**** Supplied records

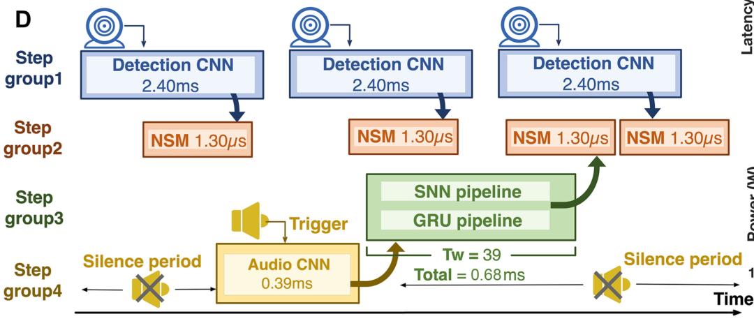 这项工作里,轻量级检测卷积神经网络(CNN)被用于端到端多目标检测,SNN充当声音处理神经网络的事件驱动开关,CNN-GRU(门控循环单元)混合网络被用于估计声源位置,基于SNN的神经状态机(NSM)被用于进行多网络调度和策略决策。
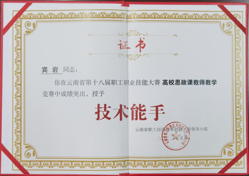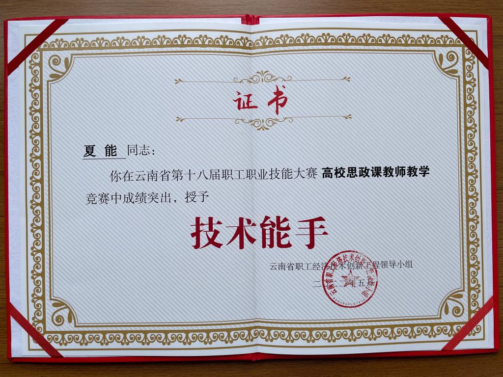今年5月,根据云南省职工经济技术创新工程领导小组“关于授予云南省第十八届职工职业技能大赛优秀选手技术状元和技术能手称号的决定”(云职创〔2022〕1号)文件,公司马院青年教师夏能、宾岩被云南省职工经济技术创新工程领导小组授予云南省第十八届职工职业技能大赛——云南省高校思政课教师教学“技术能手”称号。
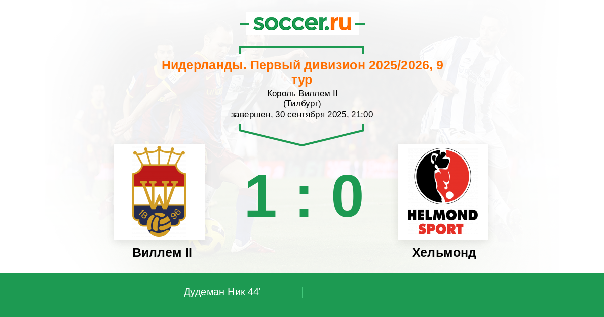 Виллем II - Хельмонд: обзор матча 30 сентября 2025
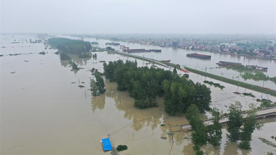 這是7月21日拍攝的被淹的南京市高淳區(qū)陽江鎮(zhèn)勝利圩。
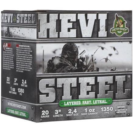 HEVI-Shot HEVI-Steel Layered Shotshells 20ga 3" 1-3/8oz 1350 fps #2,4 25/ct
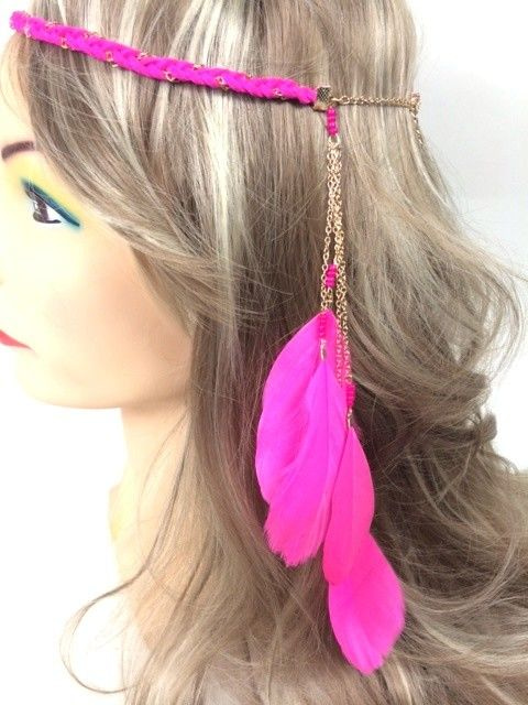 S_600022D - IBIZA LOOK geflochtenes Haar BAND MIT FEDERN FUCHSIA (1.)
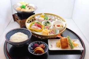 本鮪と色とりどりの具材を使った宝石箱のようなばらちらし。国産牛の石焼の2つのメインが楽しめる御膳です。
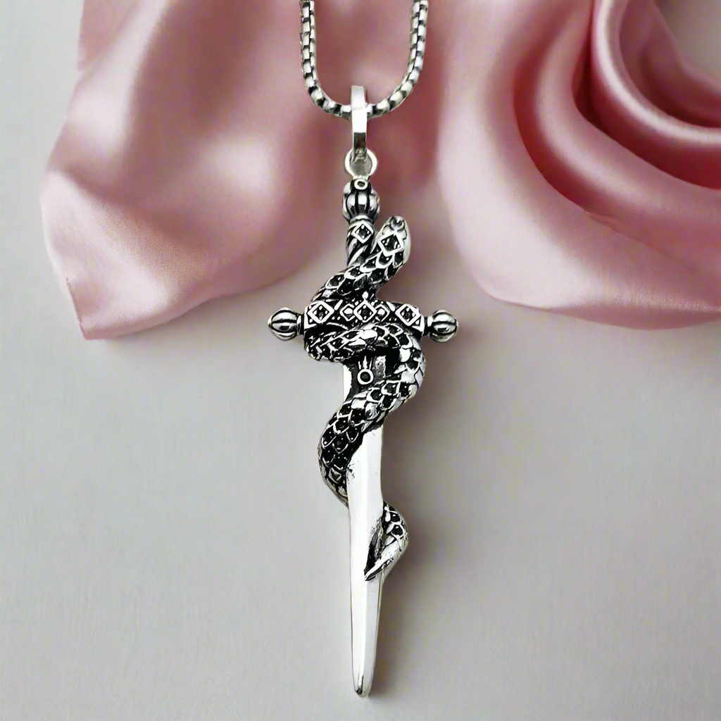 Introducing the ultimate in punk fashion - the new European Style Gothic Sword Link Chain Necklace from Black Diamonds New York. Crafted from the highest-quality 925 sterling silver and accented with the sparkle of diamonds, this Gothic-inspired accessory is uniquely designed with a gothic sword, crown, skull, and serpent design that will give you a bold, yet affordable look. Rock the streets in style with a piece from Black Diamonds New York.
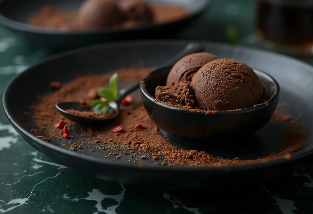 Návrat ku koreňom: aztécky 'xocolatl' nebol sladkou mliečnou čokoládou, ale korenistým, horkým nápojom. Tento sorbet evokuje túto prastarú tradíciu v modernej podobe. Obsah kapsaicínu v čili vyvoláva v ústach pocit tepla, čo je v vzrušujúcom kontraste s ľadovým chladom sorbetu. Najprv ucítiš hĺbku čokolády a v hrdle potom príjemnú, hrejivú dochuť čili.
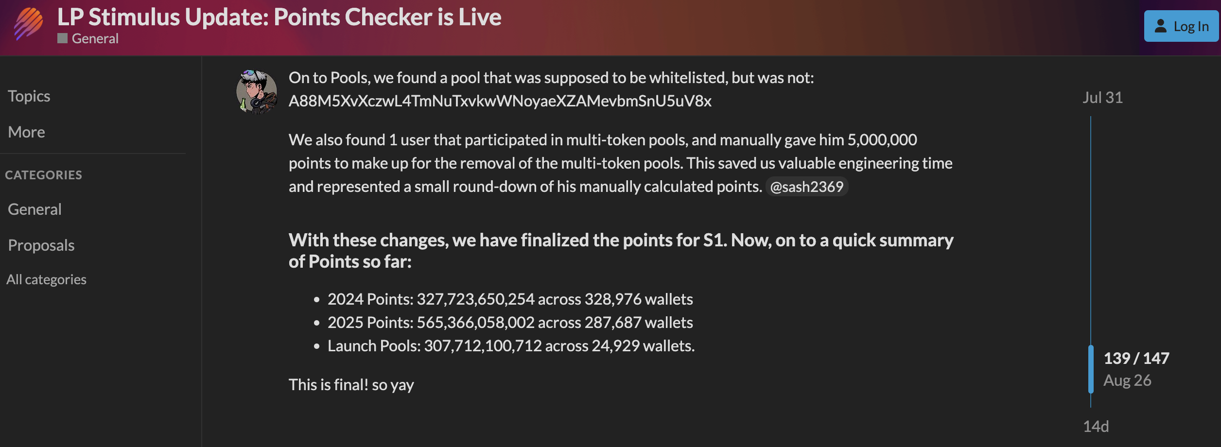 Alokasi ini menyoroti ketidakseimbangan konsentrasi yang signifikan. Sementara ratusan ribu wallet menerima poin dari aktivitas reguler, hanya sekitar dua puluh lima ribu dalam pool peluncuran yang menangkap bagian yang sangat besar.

********
**** Supplied records

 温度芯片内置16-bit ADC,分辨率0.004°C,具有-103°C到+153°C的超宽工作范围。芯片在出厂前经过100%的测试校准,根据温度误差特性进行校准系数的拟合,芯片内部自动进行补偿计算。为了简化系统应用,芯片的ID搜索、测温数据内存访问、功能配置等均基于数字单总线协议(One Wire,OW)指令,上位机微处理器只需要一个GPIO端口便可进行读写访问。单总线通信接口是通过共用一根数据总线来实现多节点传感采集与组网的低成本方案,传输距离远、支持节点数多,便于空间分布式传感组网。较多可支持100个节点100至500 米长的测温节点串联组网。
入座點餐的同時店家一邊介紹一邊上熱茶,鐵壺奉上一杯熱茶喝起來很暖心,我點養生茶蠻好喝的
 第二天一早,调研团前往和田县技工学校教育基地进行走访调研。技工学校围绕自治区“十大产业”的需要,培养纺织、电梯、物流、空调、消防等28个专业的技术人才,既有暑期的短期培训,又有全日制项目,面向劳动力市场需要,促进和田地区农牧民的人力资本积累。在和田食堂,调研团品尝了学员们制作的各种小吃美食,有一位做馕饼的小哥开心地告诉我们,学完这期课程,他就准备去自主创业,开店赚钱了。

********

> **Task to complete**:
Going by the data above, give back only the lines from the one containing "这项工作里,轻量级检测卷积神" through the one containing "這是7月21日拍攝的被淹的南京市高淳區(qū)陽江鎮(zhèn)勝利圩。", exactly as they stand, both ends included and no images.

> **Your response**:
 这项工作里,轻量级检测卷积神经网络(CNN)被用于端到端多目标检测,SNN充当声音处理神经网络的事件驱动开关,CNN-GRU(门控循环单元)混合网络被用于估计声源位置,基于SNN的神经状态机(NSM)被用于进行多网络调度和策略决策。
今年5月,根据云南省职工经济技术创新工程领导小组“关于授予云南省第十八届职工职业技能大赛优秀选手技术状元和技术能手称号的决定”(云职创〔2022〕1号)文件,公司马院青年教师夏能、宾岩被云南省职工经济技术创新工程领导小组授予云南省第十八届职工职业技能大赛——云南省高校思政课教师教学“技术能手”称号。
 Виллем II - Хельмонд: обзор матча 30 сентября 2025
 這是7月21日拍攝的被淹的南京市高淳區(qū)陽江鎮(zhèn)勝利圩。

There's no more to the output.